Rfam API can also be used from a script written in any programming language, for example Python or Perl.

Python example script

import json
import requests

r = requests.get('http://rfam.xfam.org/family/RF00360?content-type=application/json')
print r.json()['rfam']['acc']

Perl example script

#!/usr/bin/perl

use strict;
use warnings;

use LWP::UserAgent;

my $ua = LWP::UserAgent->new;
$ua->env_proxy;

my $res = $ua->get(' http://rfam.xfam.org/family/snoZ107_R87?content-type=text%2Fxml' );

if ( $res->is_success ) {
  print $res->content;
}
else {
  print STDERR $res->status_line, "\n";
}

Endpoints

Family

Family description

Returns general information about an Rfam family, such as curation details, search parameters, etc.

Examples:

Accession to ID

Returns the ID for the family with the given Rfam accession or ID.

Example:

http://rfam.xfam.org/family/snoZ107_R87/acc

Example output:

RF00360

ID to accession

Example output:

http://rfam.xfam.org/family/RF00360/id

Output:

snoZ107_R87

Secondary structure images

Returns the schematic secondary structure image for the family. The following types of secondary structure diagrams are supported:

  • cons (sequence conservation)
  • fcbp (basepair conservation)
  • cov (covariation)
  • ent (relative entropy)
  • maxcm (maximum CM parse)
  • norm (normal)
  • rscape (R-scape [1] analysis of Rfam SEED alignment)
  • rscape-cyk (secondary structure predicted by R-scape [1] based on Rfam SEED alignment)

Examples:

Covariance models

Returns the covariance model for the specified family.

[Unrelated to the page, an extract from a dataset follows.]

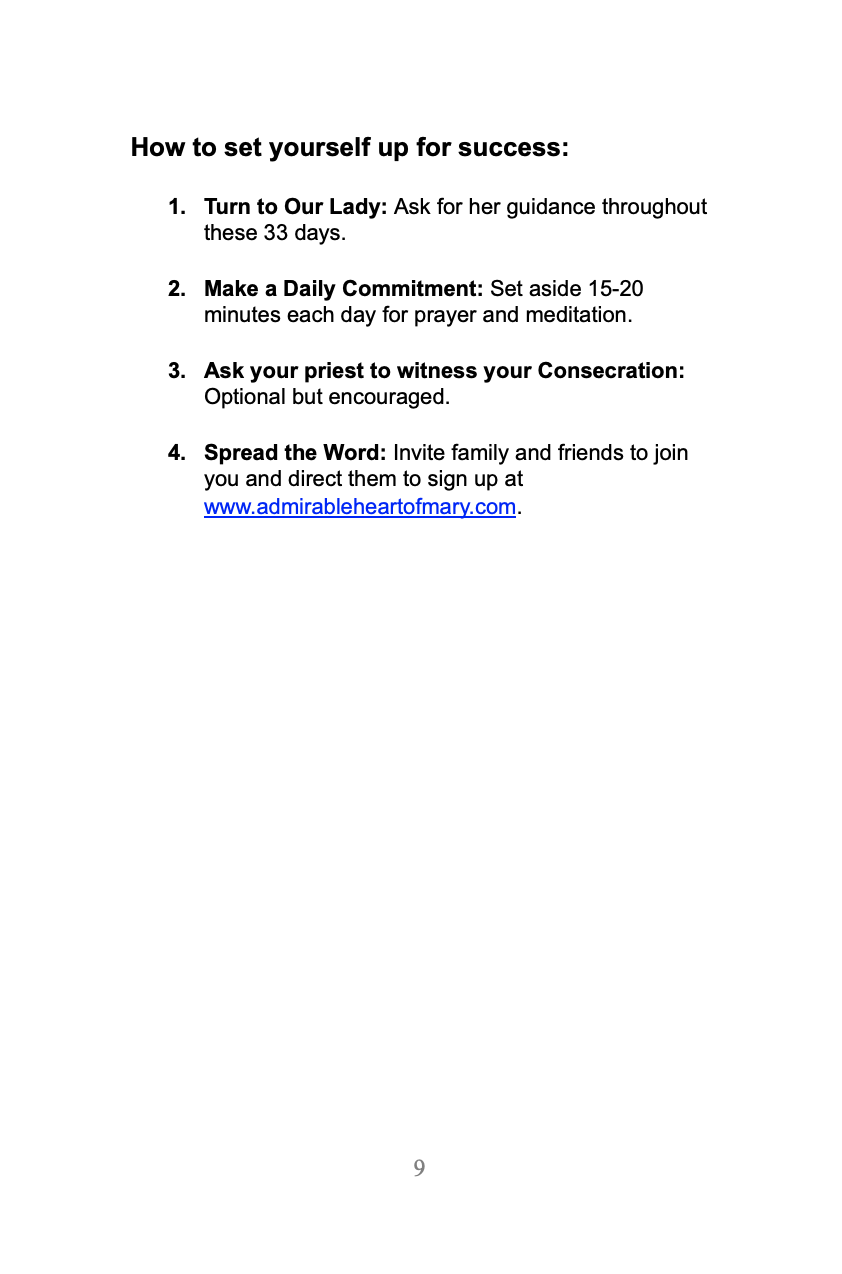 Marian Boutique 33 Day Preparation for Total Consecration Booklet (Physical Copy) $27.00 Add To Cart Added! Journal for Your 33-Day Preparation for Total Consecration $12.00 Add To Cart Added! Total Consecration Certificate (Digital Download) $10.00 Add To Cart Added! Saint Louis de Montfort’s Method of Receiving Holy Communion – Printable Pamphlet (Digital Download) $10.00 Add To Cart Added! Marian Paper for Writing Your Act of Total Consecration On (Digital Download in Color) $10.00 Add To Cart Added! Marian Paper for Writing Your Act of Total Consecration On (Digital Download in Black and White) $10.00 Add To Cart Added! Have a group of 25 or more? Contact us for special pricing!hello@admirableheartofmary.com

Example: http://rfam.xfam.org/family/RF00360/cm

Sequence regions

Returns the list of all sequence regions for the specified families in tab-delimited format.

Note

Some families have too many regions to list. The server will return a status of 403 Forbidden in these cases.

Examples:


Phylogenetic trees

Tree data

Returns the raw data for the phylogenetic tree in NHX format based on seed alignment.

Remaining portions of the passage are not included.